• Given material
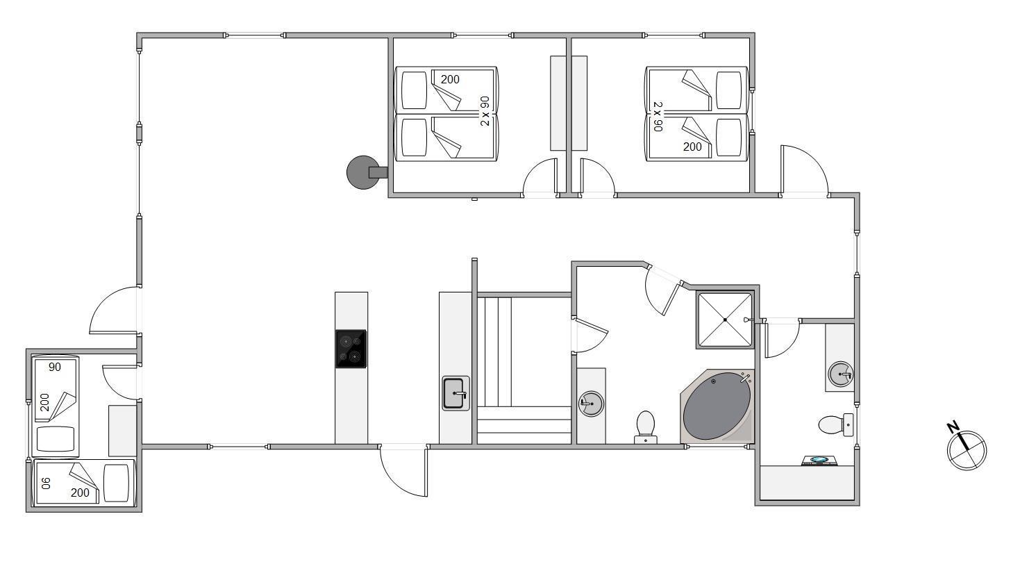 Sommerhuset har 3 soveværelser: 2 værelser med dobbeltsenge og 1 værelse med 2 enkeltsenge, så der er god plads til at hele familien kan sove komfortabelt. Badeværelset er moderne og byder på ekstra luksus med gulvvarme, sauna og tømmespa for ultimativ afslapning. Der findes også et ekstra gæstetoilet for at sikre alles bekvemmelighed under opholdet.
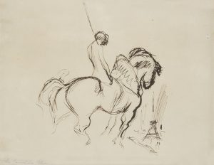 Marcel VERTES (1895-1961) La Cavalière Elsa à la Tour Eiffel Dessin à l’encre. Titré en bas à gauche. 19.5 x 25.5 cm
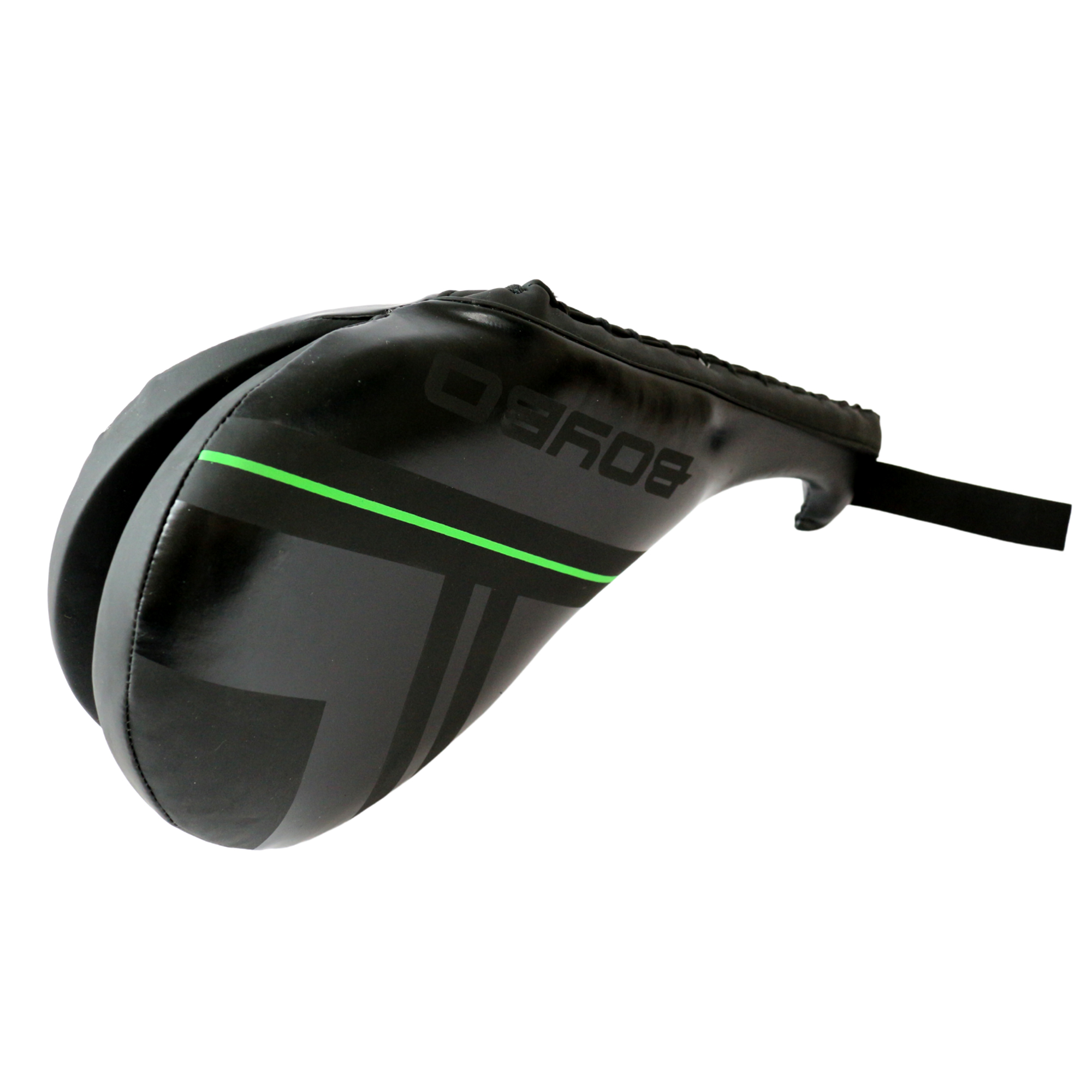 Лапа-ракетка тхэквондо BoyBo двойная B-Series – предназначена для отработки четких и хлесткий ударов ногами. За счет небольшого размера лапа-ракетка тхэквондо вырабатывает в спортсменах точность удара и координацию. Эффект хлопка позволяет оценивать "качество" удара. Ракетка выполнена из прочной искусственной кожи Flexy с мягким слоем пены внутри, это позволяет тренироваться как взрослым спортсменам, так детям и подросткам. Удобная рукоятка ракетки для тхэквондо лапы упрощает работу с ракеткой. Оснащена ремешком для удобного захвата и фиксации.Особенности и преимущества:

• Work to complete
Leaving the pictures aside, transcribe the entire listing exactly.

• Reply
 Sommerhuset har 3 soveværelser: 2 værelser med dobbeltsenge og 1 værelse med 2 enkeltsenge, så der er god plads til at hele familien kan sove komfortabelt. Badeværelset er moderne og byder på ekstra luksus med gulvvarme, sauna og tømmespa for ultimativ afslapning. Der findes også et ekstra gæstetoilet for at sikre alles bekvemmelighed under opholdet.
 Marcel VERTES (1895-1961) La Cavalière Elsa à la Tour Eiffel Dessin à l’encre. Titré en bas à gauche. 19.5 x 25.5 cm
 Лапа-ракетка тхэквондо BoyBo двойная B-Series – предназначена для отработки четких и хлесткий ударов ногами. За счет небольшого размера лапа-ракетка тхэквондо вырабатывает в спортсменах точность удара и координацию. Эффект хлопка позволяет оценивать "качество" удара. Ракетка выполнена из прочной искусственной кожи Flexy с мягким слоем пены внутри, это позволяет тренироваться как взрослым спортсменам, так детям и подросткам. Удобная рукоятка ракетки для тхэквондо лапы упрощает работу с ракеткой. Оснащена ремешком для удобного захвата и фиксации.Особенности и преимущества:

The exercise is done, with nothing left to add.